Once the executive director of the Medical Action Group and now the secretary-general of the Philippine Alliance of Human Rights Advocates, Trajano clearly knows the lines she shouldn’t cross.
She knows the laws that need to be followed and the people she can and cannot engage with, fully aware of every consequence of the controversial work she does.
Until President Rodrigo Duterte.
Now the lines have blurred in Duterte’s intensifying war against dissent which has targeted human rights defenders in the Philippines. (PODCAST: Duterte’s diagrams and his war vs critical media)
“Dati black and white iyan eh – alam mo na possible may ma-violate ka at alam mo na wala,” said Trajano, describing the years prior to the Duterte administration. “Ngayon, hindi mo na ma-predict.”

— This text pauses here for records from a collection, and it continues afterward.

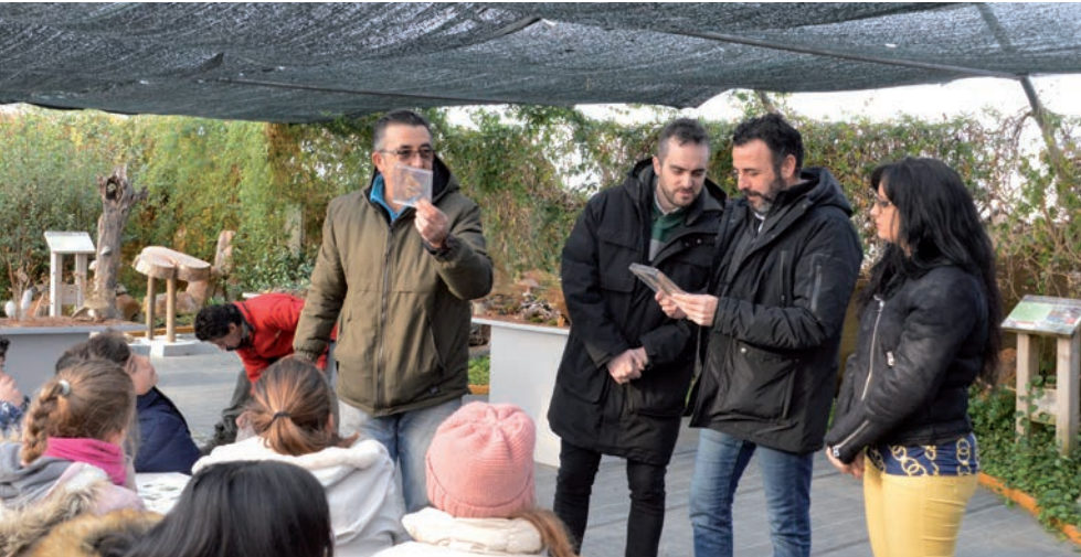
El alcalde, junto con la concejala de Educación Global, el edil de Buen Gobierno y el responsable del Aula de la Naturaleza, durante una visita escolar a este equipamiento

➤ El Ayuntamiento de Azuqueca impulsa un programa de Educación Ambiental en estos tres equipamientos municipales
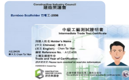
「中級工藝測試」( 俗稱「中工」) 證明書樣本
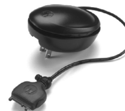
53969 – Fonte de alimentação para carga rápida de 1 hora
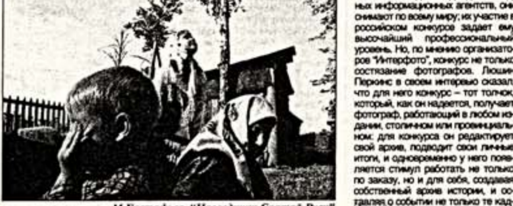
М.Евстафьев. "Наследники Святой Руси"

естественно для нашего времени, но, увы, ощущает творческий поиск до сведения требование только современного дня. Современная ситуация с фотографией в нашей стране такова, что отсутствие фотографического образования делает модный журнал учебником фотографа, в экономическом положении
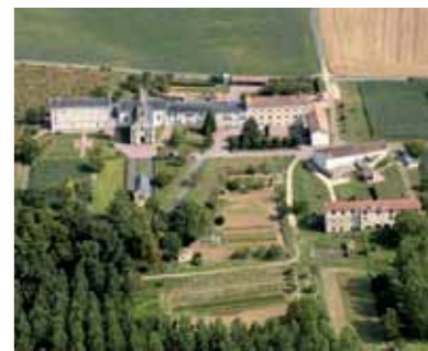
Le couvent de Salvert - Vue aérienne
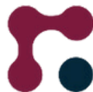
Fonds d'aménagements de carrière
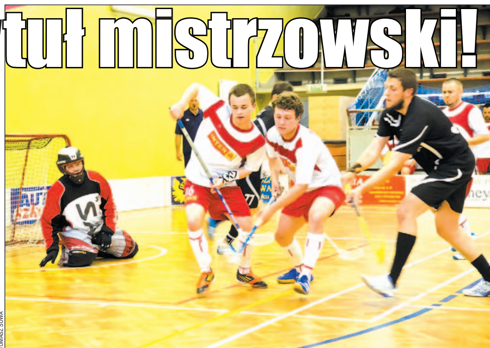
W drugim meczu finałowym unihokeiści InterQ wręcz zamurowali swoją bramkę, broniąc tytułu mistrzowskiego.

Prawdziwe emocje rozpoczęły się w meczach, których stawką były medale. Pierwszy pojedynek o brąz Sokół wygrał 5-1 z Drodzem, więc wydawało się, że rywalizacja jest już rozstrzygnięta.
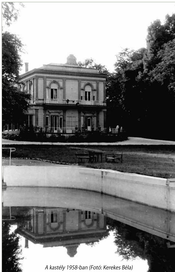
A kastély 1958-ban

A második világháború előtti légi felvételeken már látható a kastély területén épült torony is.
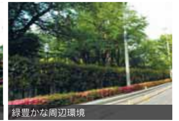
緑豊かな周辺環境
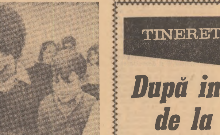
Un membru al delegației U.R.S.S. la Geneva.
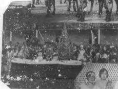
DE BAYAMA. —Una de las muchas fiestas que se celebran en Bayama, en el mes de agosto. Se ven a los señores "Casta" y "Blanca" con sus respectivos caballos, en la procesión.
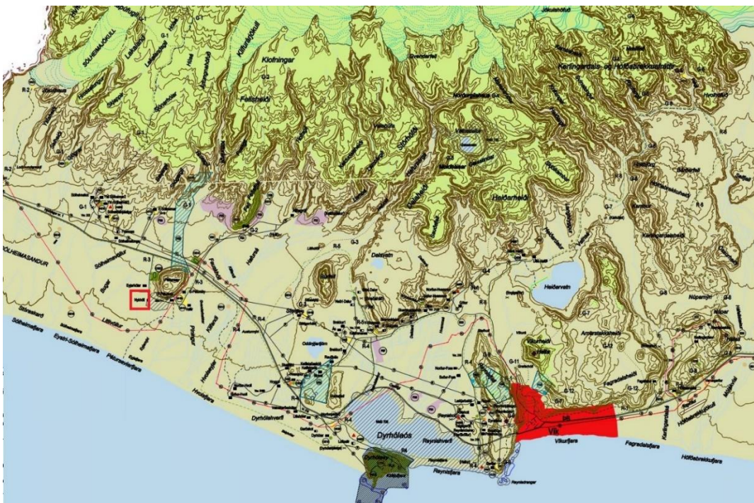
Mynd 1 Staðsetning aðalskipulagsbreytingar

Gert er ráð fyrir því að breyta Aðalskipulagi Mýrdalshrepps 2012-2028 á þann hátt að afmarka verslunar- og þjónustusvæði, þar sem gert er ráð fyrir gisti- og ferðaþjónustu á jörðinni Péturshólar. Svæðið er staðsett á landbúnaðarsvæði á gildandi aðalskipulagi. Á myndum 2 og 3 er sýnd gildandi aðalskipulag og staðsetning fyrirhugaðs verslunar- og þjónustusvæðis.
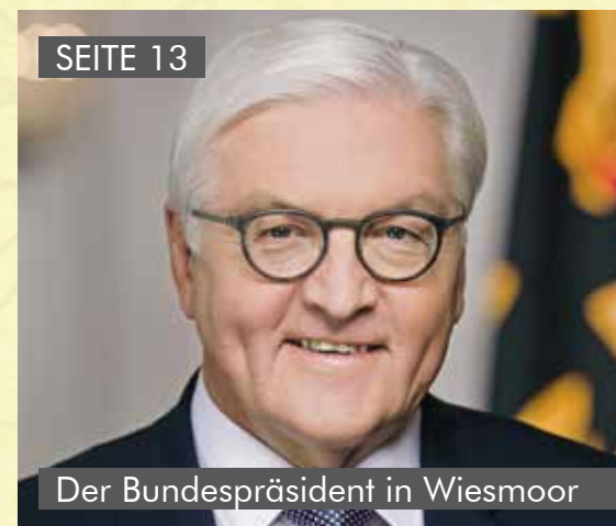
Der Bundespräsident in Wiesmoor
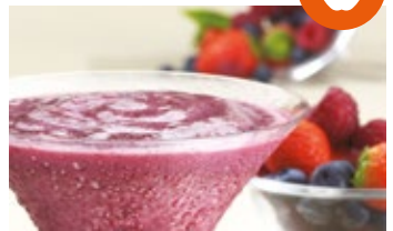
Batido de fresa de frutas del bosque
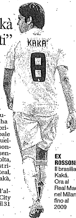
EX ROSSONERO Il brasiliano Kakà. Ora al Real Madrid, nel Milan fino al 2009

Pare al momento ancora più complesso arrivare all'altro obiettivo della campagna milanista: per Balotelli il City vuole 37 milioni. E il tempo stringe: il mercato chiude il 31 gennaio, a poco più di tre settimane dalle elezioni.

(It used to be black and white – you know when you may possibly violate something and you know when you fully abide by the law. Now, you can’t really predict it anymore.)
The Duterte administration is not afraid to use the law and other legal instruments against any person or group who dares oppose him.
Opposition Senator Leila de Lima is in jail, former chief justice Maria Lourdes Sereno has been ousted, opposition Senator Antonio Trillanes IV was stripped of a 7-year-old amnesty grant and is on trial for inciting to sedition, and 72-year-old Australian nun Patricia Fox has been deported.
In just 3 years, the Duterte government has charged 2,370 human rights defenders, according to data compiled by rights group Karapatan.
The group said that 1,831 activists and others, who are not members of progressive organizations but are part of communities defending human rights, have been arrested and detained since July 2016. The remaining 539 were arrested but released after.
These 2,370 people have faced or are facing charges – the consequence of doing human rights work in the Philippines, according to Karapatan. (READ: Human Rights: How to deal with Duterte, the biggest challenge?)
Based on Karapatan’s data, the numbers under Duterte are clearly worst of the last 3 administrations. Only 1,817 human rights defenders were charged in the 6 years of Benigno Aquino III, and 2,059 in the 9 years of Gloria Macapagal Arroyo, whose anti-insurgency campaign was marred by alleged human rights violations.
The usual charges are very familiar to this sector – illegal possession of firearms, illegal possession of explosives, kidnapping and murder, said National Union of Peoples’ Lawyers (NUPL) president Edre Olalia.
“The Duterte administration is more vicious, more malicious, more unrelenting in red-tagging. It is without let up, it is unscrupulous, and characterized by impunity,” Olalia said.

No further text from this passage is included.